Records from a collection:
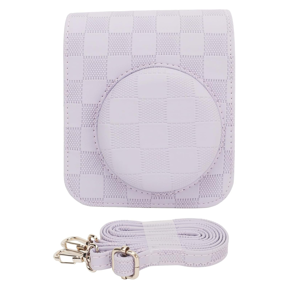 Feito de superfície de couro sintético premium com aparência especial em estilo xadrez, interior de microfibra superfino, este estojo para mini câmera instax parece bastante durável e oferece proteção total para sua câmera Fuji Mini 12 longe de arranhões, poeira, impactos e desgaste geral e rasgar
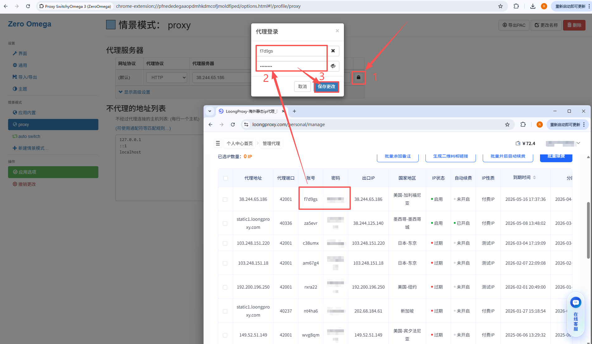 点击谷歌浏览器右上角【扩展程序】,选择SwitchyOmega插件,并切换至刚刚配置的代理模式【proxy】,即可通过LoongProxy代理进行业务访问
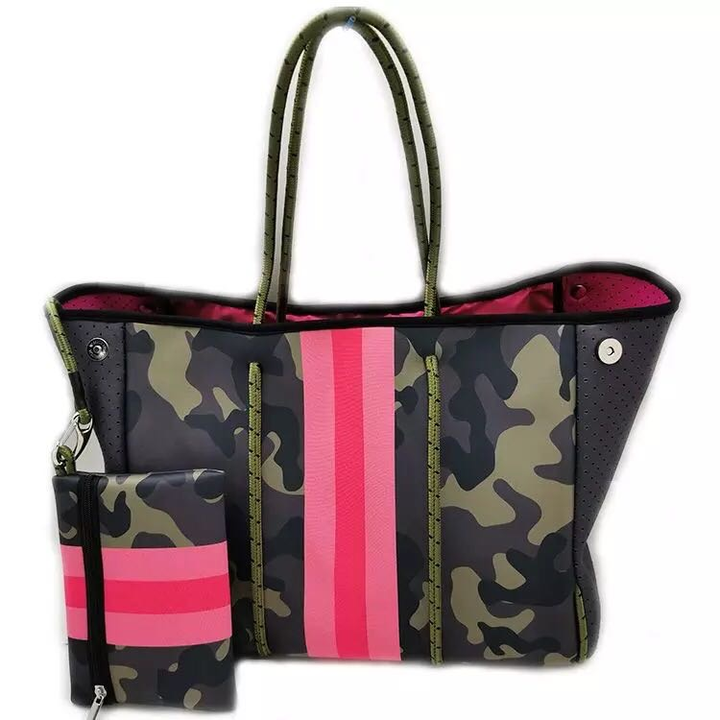 Big beauty beach bag mommy and me with gold stripe 2021 vendita calda di alto livello leopard camouflage camo neoprene beach tote bag
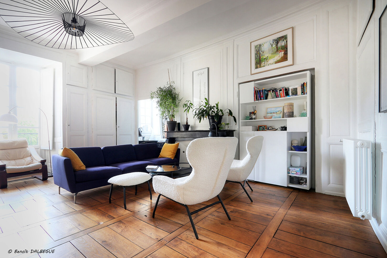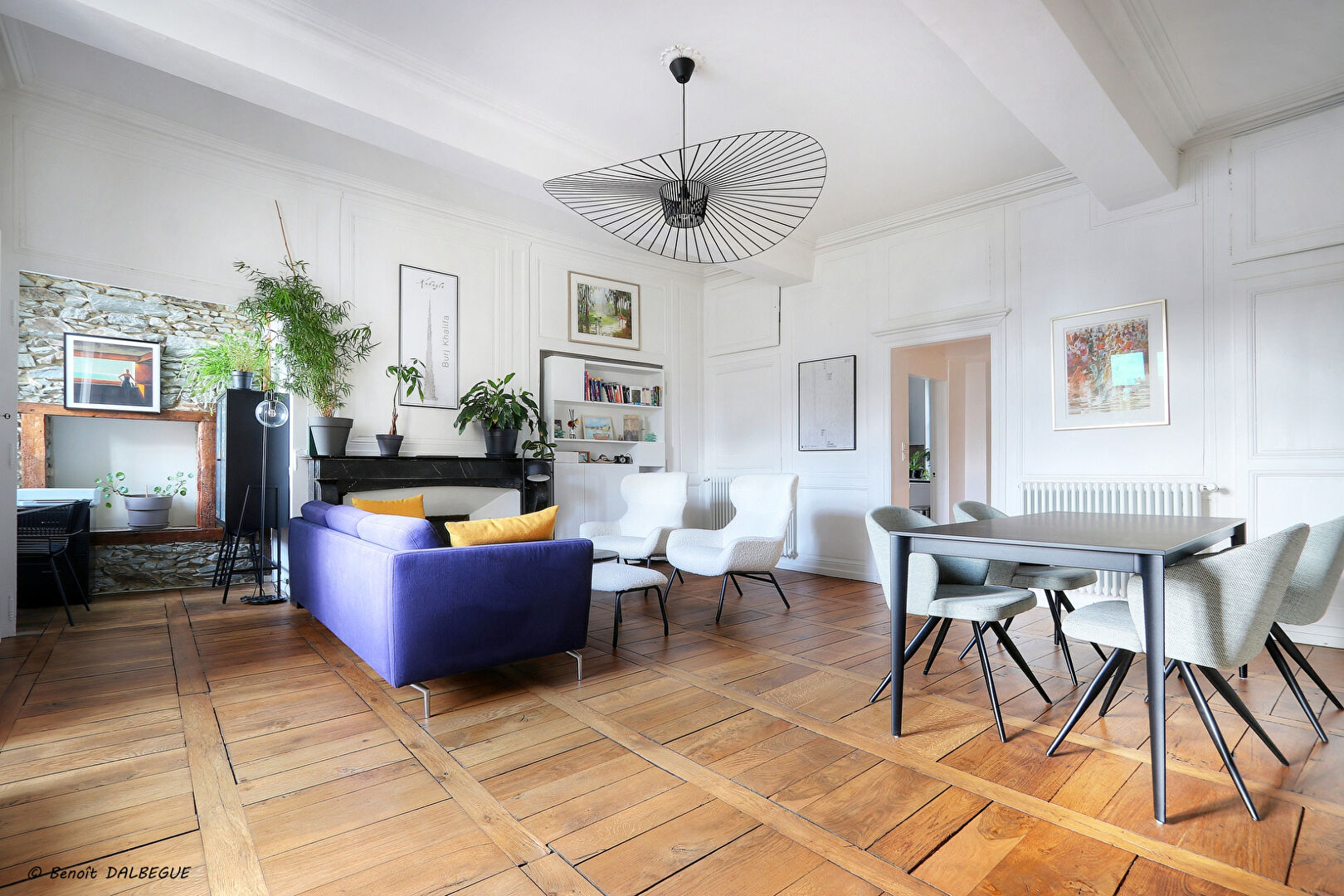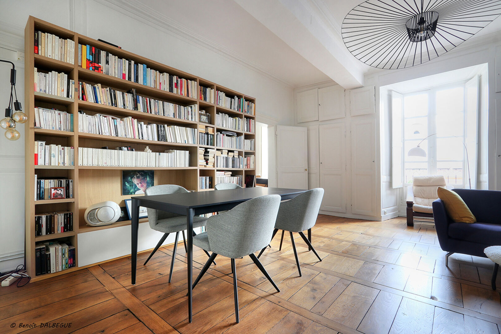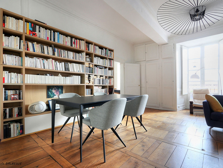 Rennes, centre historique, magnifique appartement rénové comprenant une entrée avec rangement, un grand séjour de plus de 35m2 sur parquet avec cheminée et moulure, une cuisine aménagée et équipée sur parquet avec grand rangement et cellier, une chambre spacieuse sur parquet de 18 m2 avec belle cheminée, une seconde chambre en enfilade pouvant servir de dressing ou de bureau, une pièce servant de couchage, une salle d'eau avec WC.
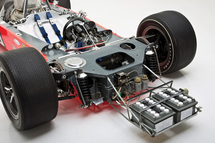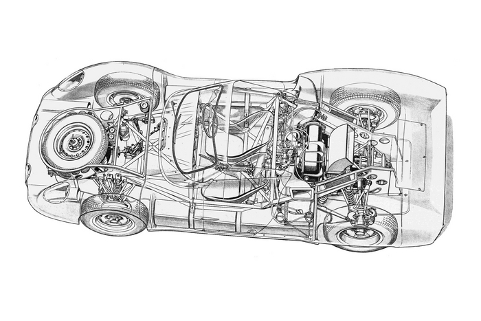Двигатель Pratt&Whitney от прошлогодней машины остался почти без изменений, разве что переехал на традиционное место позади пилота, сохранилась и полноприводная трансмиссия. А вот само шасси получилось революционным: с клиновидным силуэтом, увеличивающим прижим, хитрющей кинематикой подвесок — и, конечно, максимальным облегчением везде, где только можно. В результате Lotus 56 весил всего 625 кг, прекрасно управлялся и показывал отличный темп, вообще не замечая новые регламентные ограничения.
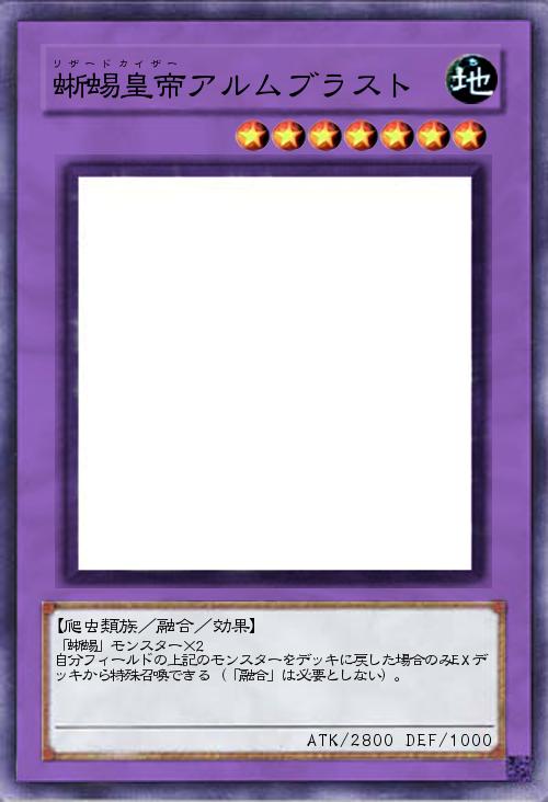 | 「蜥蜴」モンスター×2 自分フィールドの上記のモンスターをデッキに戻した場合のみEXデッキから特殊召喚できる(「融合」は必要としない)。 | |||

* _YOUR INSTRUCTIONS_
Would you copy, word for word, only the lines above from the one containing "Big beauty beach" through the one containing "Двигатель Pratt&Whitney от", both included, and please leave out the pictures?

* _SOLVED EXERCISE_
 Big beauty beach bag mommy and me with gold stripe 2021 vendita calda di alto livello leopard camouflage camo neoprene beach tote bag
 Rennes, centre historique, magnifique appartement rénové comprenant une entrée avec rangement, un grand séjour de plus de 35m2 sur parquet avec cheminée et moulure, une cuisine aménagée et équipée sur parquet avec grand rangement et cellier, une chambre spacieuse sur parquet de 18 m2 avec belle cheminée, une seconde chambre en enfilade pouvant servir de dressing ou de bureau, une pièce servant de couchage, une salle d'eau avec WC.
Двигатель Pratt&Whitney от прошлогодней машины остался почти без изменений, разве что переехал на традиционное место позади пилота, сохранилась и полноприводная трансмиссия. А вот само шасси получилось революционным: с клиновидным силуэтом, увеличивающим прижим, хитрющей кинематикой подвесок — и, конечно, максимальным облегчением везде, где только можно. В результате Lotus 56 весил всего 625 кг, прекрасно управлялся и показывал отличный темп, вообще не замечая новые регламентные ограничения.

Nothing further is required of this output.